Dr. Yang Kun still keeps a shaky cellphone video he took six years ago. In the video, dense clouds scud down the mountainside like a tide of ink. The location is in Yadong County in China's Tibet Autonomous Region, on the border with India and Bhutan, hemmed in from the southwest side by the majestic Himalayas Mountain Range more than 7,000 meters in elevation. Dr. Yang didn't know clouds could climb that high, crossing the Himalayas to move from South Asia into China.
For someone who studies the climate system on the Tibet Plateau, this was a breakthrough. It would help Dr. Yang understand the correlation between atmospheric water exchange and precipitation.
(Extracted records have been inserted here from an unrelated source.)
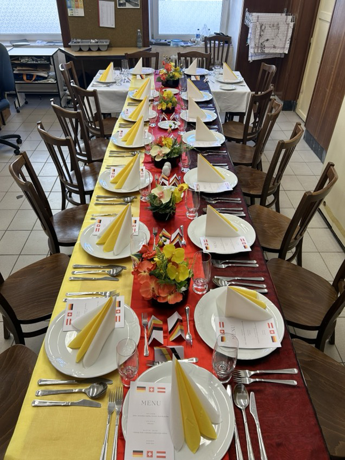 Ze začátku bylo složité vymyslet předkrm, polévku, hlavní chod a dezert tak, aby všechny chutě ladily a zapadaly do německé kuchyně, ale měli jsme podporu a nápady od našich vyučujících, kteří nám pomohli. Naším úkolem nebyla pouze příprava jídla a pití, ale také slavnostní tabule. K tomu jsme museli vymyslet a vytvořit dekorace a výzdobu. Dost jsme se toho báli, ale nakonec byl průběh celého dne velice úspěšný.
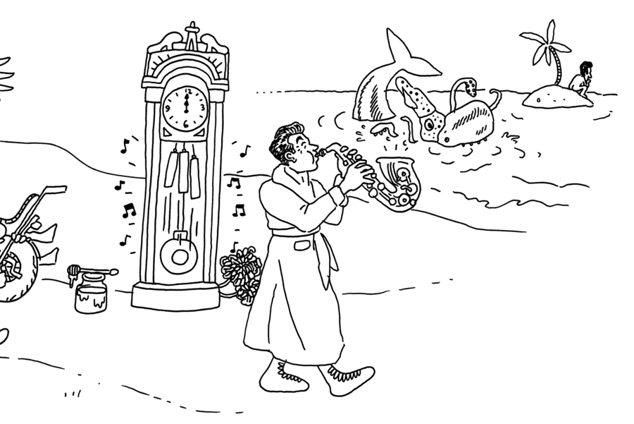 Boxer with saxophone: That would be for Here Comes Mr. Jordan, where the main character is a boxer who tries and fails to play the saxophone.
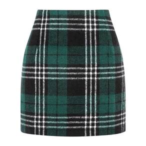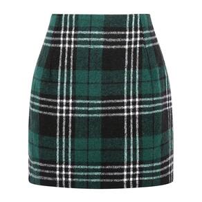 Minissaia xadrez feminina de lã, outono e inverno, saia lápis Bodycon de cintura alta (verde 01, S)
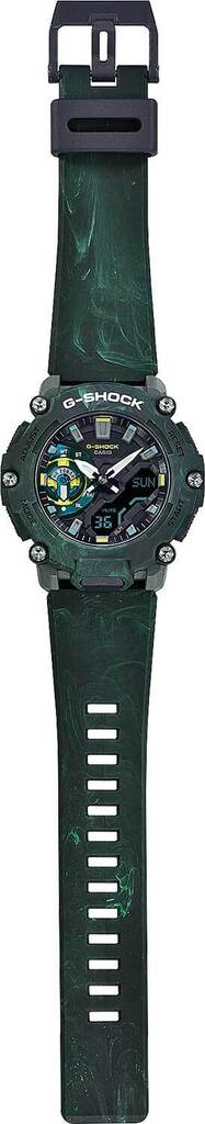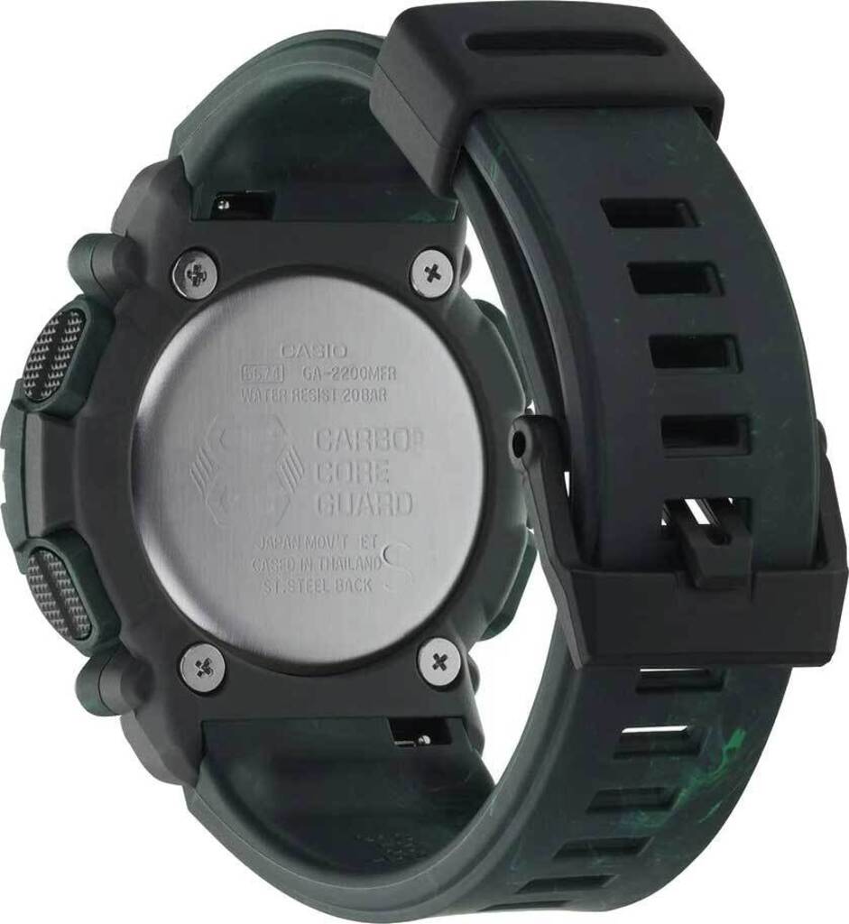 Надійний годинник GA-2100 з глибоким і об’ємним циферблатом ідеально підходить для любителів активного способу життя. Він виконаний у неповторному кольорі, натхненному лісом, і має великий протиударний пластиковий корпус із карбоновими волокнами, що роблять його міцнішим і легшим. Подвійне світлодіодне підсвічування дає змогу бачити в повній темряві аналоговий і цифровий дисплей. Необритове світлонакопичувальне покриття забезпечує тривале післясвітіння. Також годинник оснащений секундоміром, таймером зворотного відліку і функцією світового часу. Це ідеальний вибір для людей, яким потрібно бути завжди в курсі часу!
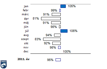 A relatív nedvesség havi átlaga Budapest-Pestszentlőrincen2011-ben az 1971-2000-es normál százalékában
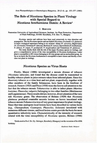 Horváth, József (1993) The Role of Nicotiana Species in Plant Virology with Special Regard to Nicotiana benthamiana Domin: A Review. ACTA PHYTOPATHOLOGICA ET ENTOMOLOGICA HUNGARICA, 28 (2-4). pp. 355-377. ISSN 0238-1249
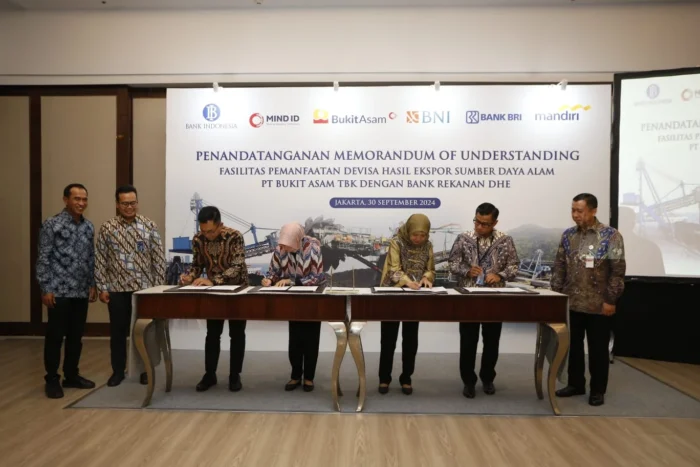 Intinews | PT Bukit Asam Tbk (PTBA) melakukan penandatanganan Nota Kesepahaman (Memorandum of Understanding/MoU) Fasilitas Pemanfaatan Devisa Hasil Ekspor Sumber Daya Alam (DHE SDA) dengan 3 bank rekanan, yaitu PT Bank Negara Indonesia (Persero) Tbk (Bank BNI), PT Bank Rakyat Indonesia (Persero) Tbk (Bank BRI) dan PT Bank Mandiri (Persero) Tbk (Bank Mandiri).

He's a professor at the Department of Earth System Science at Tsinghua University.
"The weather forecast of East Asia depends heavily on the Plateau," he said. "But the forecast is not very reliable. If we try, maybe we could improve the model," Dr. Yang recalls the words that his postdoctoral advisor told him two decades ago. "It's a lofty purpose," he laughs.
The Qinghai-Tibet Plateau lies at the heart of Asia – a vast area of land where the continent's weather is made, and where its great rivers flow from. So important that it's been given names such as "Asia's Water Tower," or the "Third Pole," with some of the Earth's most complex terrain and rich biodiversity.
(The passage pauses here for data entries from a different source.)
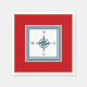 Nautical themed design with compass decoration in striped squares on red background
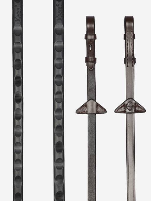 The leather is nylon lined to prevent stretching or breaking. Our signature LeMieux stamped leather martingale stops lend distinctive style. Buckle bit attachments complete the look.
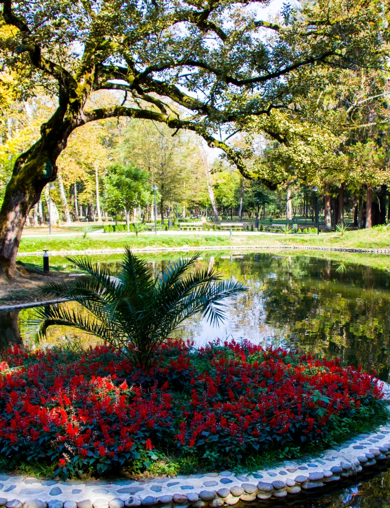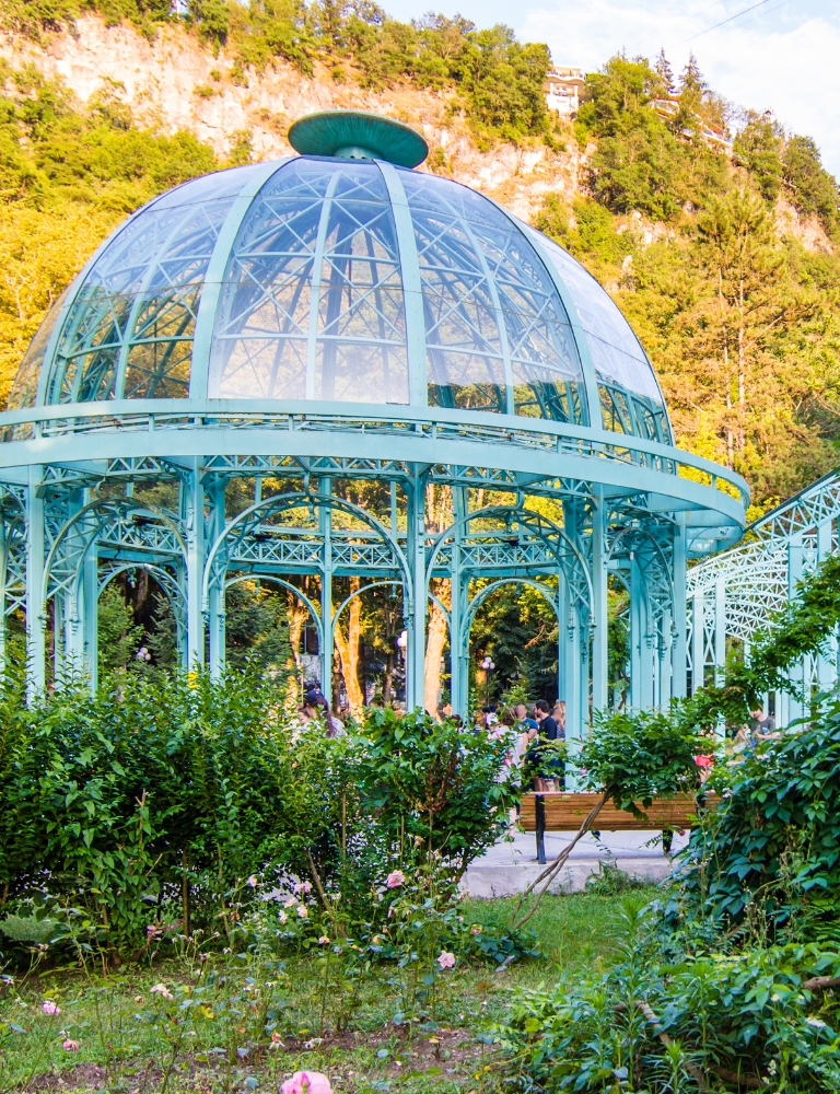Borjomi is a resort town in central Georgia. It's known for its mineral waters, with springs in Borjomi Central Park. Defined by its striking exterior, the Romanov Palace contains ornate furniture and a billiards room. Nearby, trails wind through the vast wilderness of Borjomi-Kharagauli National Park. In the park, the centuries-old Mtsvane Monastery (Green Monastery) is made of green-tinged stones.

"We try to monitor the climate pattern, build a model out of it to forecast a disaster," says Dr. Yang. His team has built several monitoring stations in Yadong to collect data on rain level, soil moisture and wind patterns. "The terrain is too complicated here. Disasters such as blizzards, landslides and mountain floods can be terrible. Our work might be helpful in mitigating the loss of property and lives." Their data will be used to perfect the current climate model and global water cycle observation satellites.
The work is as meaningful as it is dangerous. Some scientists have given their lives trying to understand the Tibetan Plateau. Its altitude, freezing temperature, harsh weather and geography can all be deadly. Dr. Yang Kun counts himself lucky.
"The glaciologists and limnologists' work is more dangerous," he said. "My team hasn't come across any accidents, but I worry every day," he said, on the verge of tears, standing up and waving his hands to discontinue the interview.
For once, the cool-headed scientist is dominated by his emotions.
Dr. Yang turns his back toward the camera to face the snow mountains, his head lifted, hands clasped in front of his chest as though to pray.
For him, and generations of scientists before him, a lifetime's research on the plateau may only be, at best, a small step toward solving nature's many unpredictable puzzles.
"It's tough work, but not miserable," he says as he finally he sits down again. "If one day, my work can help improve the current climate prediction model even just a little bit, that'd be my life-long dream, and I'm living the dream."